Best price, best execution
There is no commonly accepted definition of best execution. This uncertainty has driven some market participants to think about best execution as best price. Execution analysis has a tendency to promote this belief, perhaps because prices are the only things truly moving at millisecond intervals.
Best price at the fill level is not best execution. Best execution entails the best outcome under the circumstances surrounding the implementation of an investment decision (that is, surrounding the order). Consider the example in “Execution analysis” (below).
If a passive participation strategy is followed, getting the best price at every fill, this order would cost 75 basis points. The strategy used resulted in a cost of 60 basis points. There are no obvious outliers in the implementation of this investment decision. We can, nevertheless, do better based on execution analysis, albeit with the right lens.
The lens through which execution analysis differentiates itself must focus on trading strategy. Granularity of data then adds value, and strategy is the core contributor to the final result. Strategy analysis is actionable. Conditional on the investment decision, the best strategy choice leads to best execution.
Strategy is the target of a lens that evolves with the data. Continuing the example of “Execution analysis,” any price path can be differentiated through trading strategies (see “Multiple paths,” below).
A more aggressive strategy drives price, incurring three times the trader’s price impact of the realized strategy.

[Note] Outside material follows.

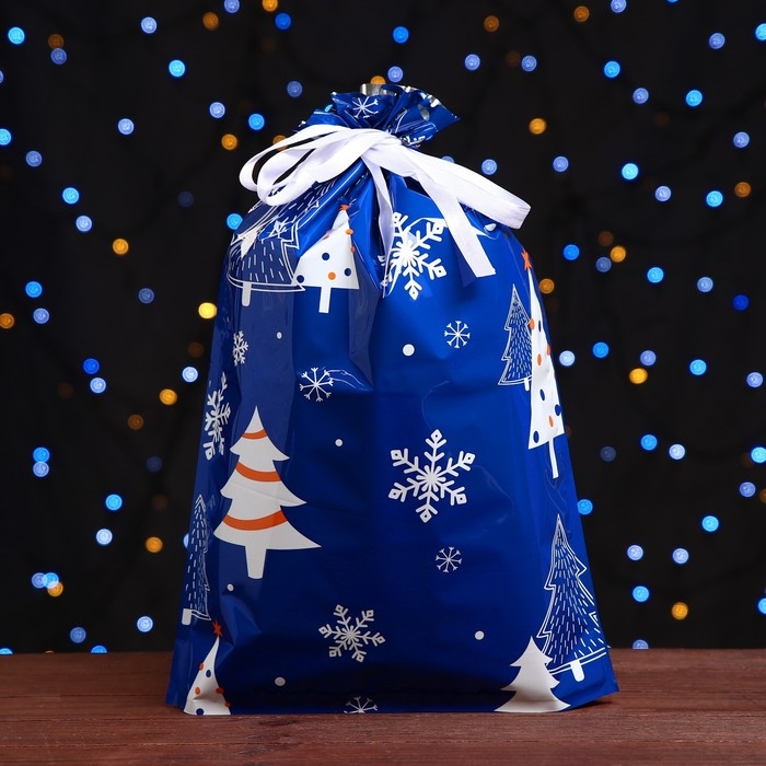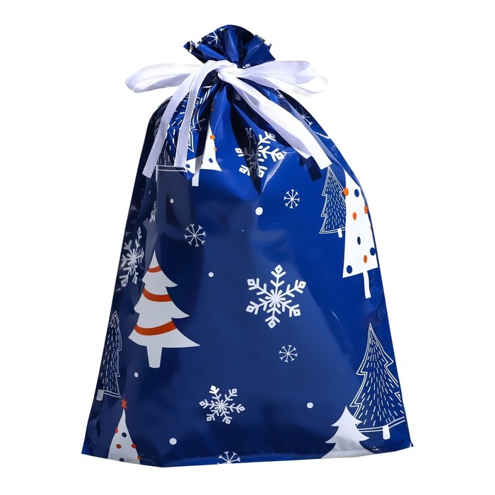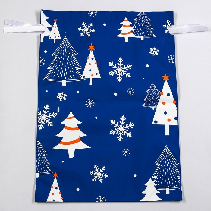 Новый год. Пакет подарочный с завязками, "Зимний лес", 29х43 см.

Nevertheless, the effect of momentum in the broader market is minimized, and competing orders are circumvented. Understanding the role of strategy and making the right choice in this context drops the cost of the order by more than a third, to 40 basis points. The circumstances behind the choice become the focus.

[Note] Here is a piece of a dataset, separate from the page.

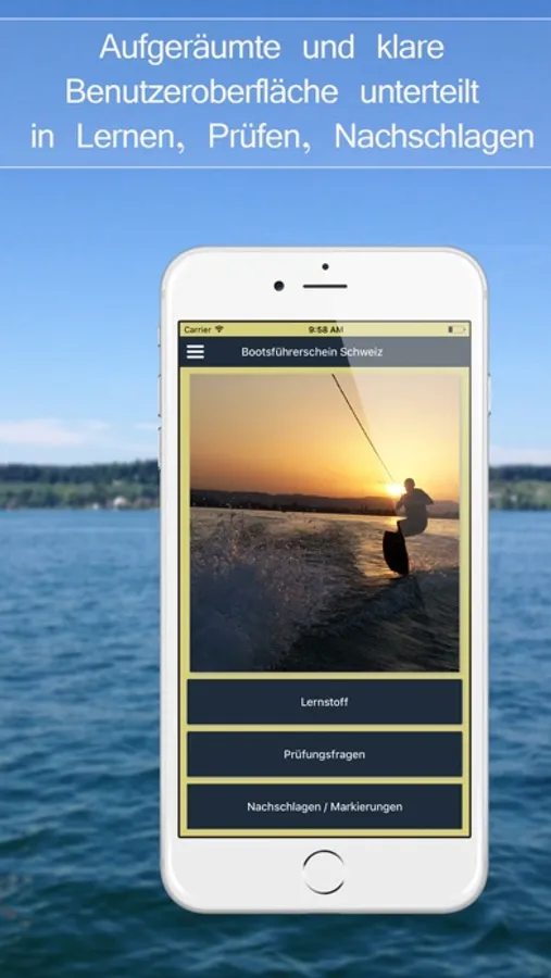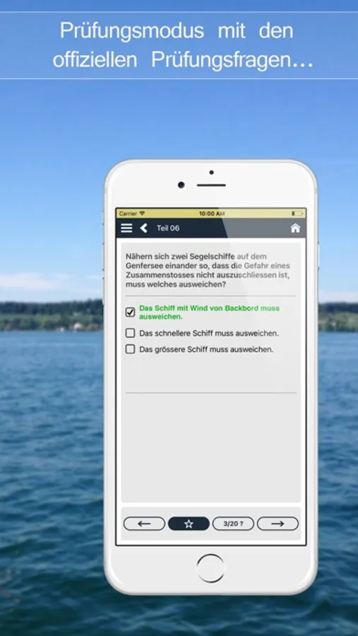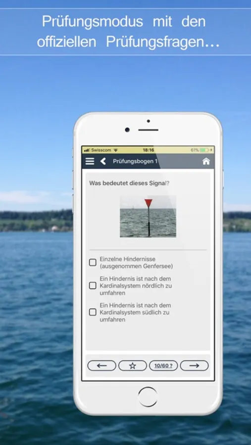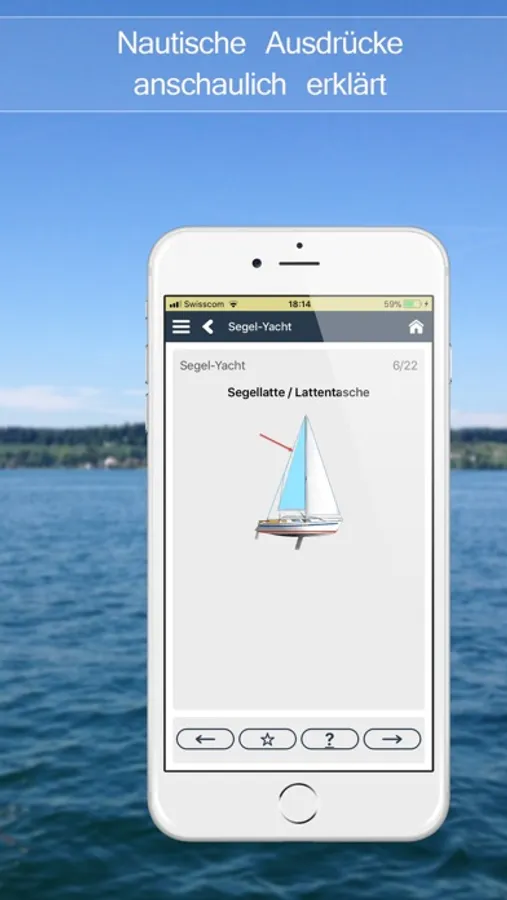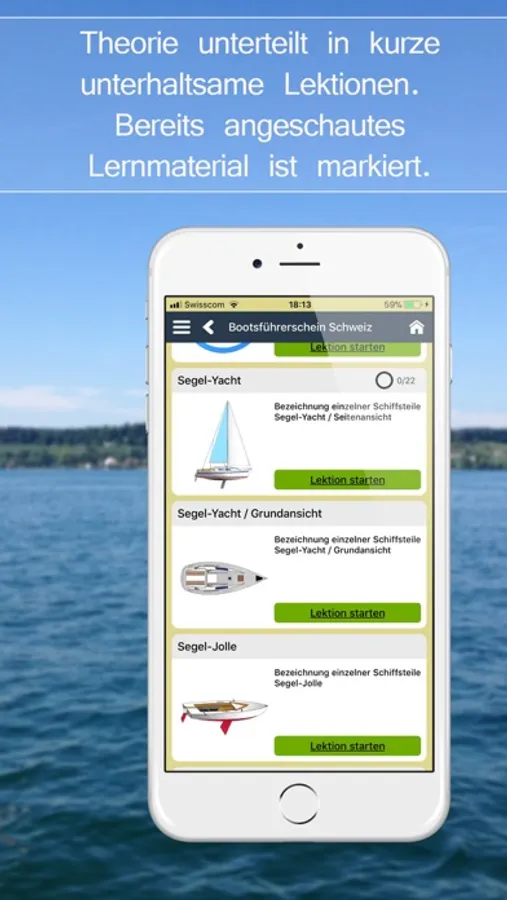Lernapp für die Vorbereitung auf die theoretische Prüfung für Motor- und Segelschiff Kategorie A und D mit den offiziellen und aktuellsten Prüfungsfragen, sowie dem vollständigen Nachschlagewerk "Gute Fahrt auf schweizerischen Gewässern".

The spread between a bad strategy (passive participation here) and a good one is 35 basis points, money worth fighting for. Strategies may be decomposed into effects due to market momentum, competing orders and the trader’s own activity. These factors may be analyzed in terms of market conditions and relative liquidity. Guidelines can be set and hypotheses tested.
The question of outliers can be settled in an entirely different fashion and without a blizzard of numbers. The trading strategy itself is the object of analysis. In the case considered here, passive participation is an outlier. In this example, it is obvious as to why. But generally, it is the “why” that elevates observational reporting to analysis.

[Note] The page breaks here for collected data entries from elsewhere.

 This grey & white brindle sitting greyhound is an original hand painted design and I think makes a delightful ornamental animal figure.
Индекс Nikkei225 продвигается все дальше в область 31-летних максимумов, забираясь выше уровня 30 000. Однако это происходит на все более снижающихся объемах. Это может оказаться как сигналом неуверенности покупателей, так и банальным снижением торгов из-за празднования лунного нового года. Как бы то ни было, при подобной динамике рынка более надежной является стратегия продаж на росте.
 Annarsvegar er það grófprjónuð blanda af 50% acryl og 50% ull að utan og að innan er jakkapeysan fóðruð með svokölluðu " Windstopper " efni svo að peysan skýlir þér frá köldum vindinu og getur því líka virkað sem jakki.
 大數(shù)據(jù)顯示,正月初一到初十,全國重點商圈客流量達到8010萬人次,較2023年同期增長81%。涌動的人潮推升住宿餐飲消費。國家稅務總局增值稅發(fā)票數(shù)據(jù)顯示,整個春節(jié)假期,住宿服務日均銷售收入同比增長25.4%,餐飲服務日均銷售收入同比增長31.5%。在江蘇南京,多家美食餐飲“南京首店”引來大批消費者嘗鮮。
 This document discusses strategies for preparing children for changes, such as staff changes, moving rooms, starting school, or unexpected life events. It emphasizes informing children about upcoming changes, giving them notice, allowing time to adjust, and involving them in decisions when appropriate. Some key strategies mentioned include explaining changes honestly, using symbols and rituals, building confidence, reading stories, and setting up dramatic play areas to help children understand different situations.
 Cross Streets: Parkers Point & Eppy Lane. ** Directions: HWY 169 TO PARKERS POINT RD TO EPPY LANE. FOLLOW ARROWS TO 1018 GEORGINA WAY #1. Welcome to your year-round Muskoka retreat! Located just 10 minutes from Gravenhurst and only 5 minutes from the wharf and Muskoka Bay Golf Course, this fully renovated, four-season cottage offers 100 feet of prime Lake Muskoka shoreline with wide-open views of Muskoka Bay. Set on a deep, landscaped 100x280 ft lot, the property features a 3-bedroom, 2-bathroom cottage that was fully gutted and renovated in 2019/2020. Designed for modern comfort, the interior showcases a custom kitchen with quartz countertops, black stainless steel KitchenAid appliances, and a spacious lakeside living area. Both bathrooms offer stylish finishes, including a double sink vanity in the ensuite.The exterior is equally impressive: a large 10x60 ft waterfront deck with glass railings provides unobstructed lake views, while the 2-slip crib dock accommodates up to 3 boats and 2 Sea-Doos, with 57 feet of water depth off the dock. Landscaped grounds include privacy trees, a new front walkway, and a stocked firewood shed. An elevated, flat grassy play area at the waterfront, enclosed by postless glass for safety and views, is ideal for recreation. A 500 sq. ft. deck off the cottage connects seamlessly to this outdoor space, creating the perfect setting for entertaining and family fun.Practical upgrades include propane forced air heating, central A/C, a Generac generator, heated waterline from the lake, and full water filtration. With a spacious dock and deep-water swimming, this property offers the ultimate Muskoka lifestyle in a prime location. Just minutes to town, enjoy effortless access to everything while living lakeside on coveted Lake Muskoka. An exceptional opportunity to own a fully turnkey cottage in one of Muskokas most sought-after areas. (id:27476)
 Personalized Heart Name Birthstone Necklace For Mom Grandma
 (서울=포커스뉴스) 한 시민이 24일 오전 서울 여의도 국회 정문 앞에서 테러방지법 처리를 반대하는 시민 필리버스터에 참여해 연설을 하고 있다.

Execution analysis sometimes goes under the rubric of execution consulting. In that guise, it has been an educational tool for brokers, applied to their own trading algorithms. This discussion is relevant in a broker-neutral context. Are algorithms truly commoditized, and differentiated only by trader implementation? What are the usage patterns? How do strategy types react to market conditions? (“For example, Algorithmic Trading Usage Patterns and Their Costs,” Ian Domowitz and Henry Yegerman, Journal of Trading, Summer, 2011).
Venue analysis is a 25-year-old theme, revived as part of execution analysis. A venue report is part of any execution study, but care must be taken. Consideration of trading strategy is an essential component in assessing venue performance. One cannot contrast two market structures, or assess individual venue quality, without controlling for the strategy used.
Order-level TCA feeds applications like as portfolio optimization, fund capacity analysis, liquidation studies and fund NAV determination. Execution analysis exposes the core issue in day-to-day operations and trading strategy, and paves the way for real-time decision support. In the end, it is the suite of applications that will distinguish execution analysis from order-level TCA, along with questions that evolve with the data themselves.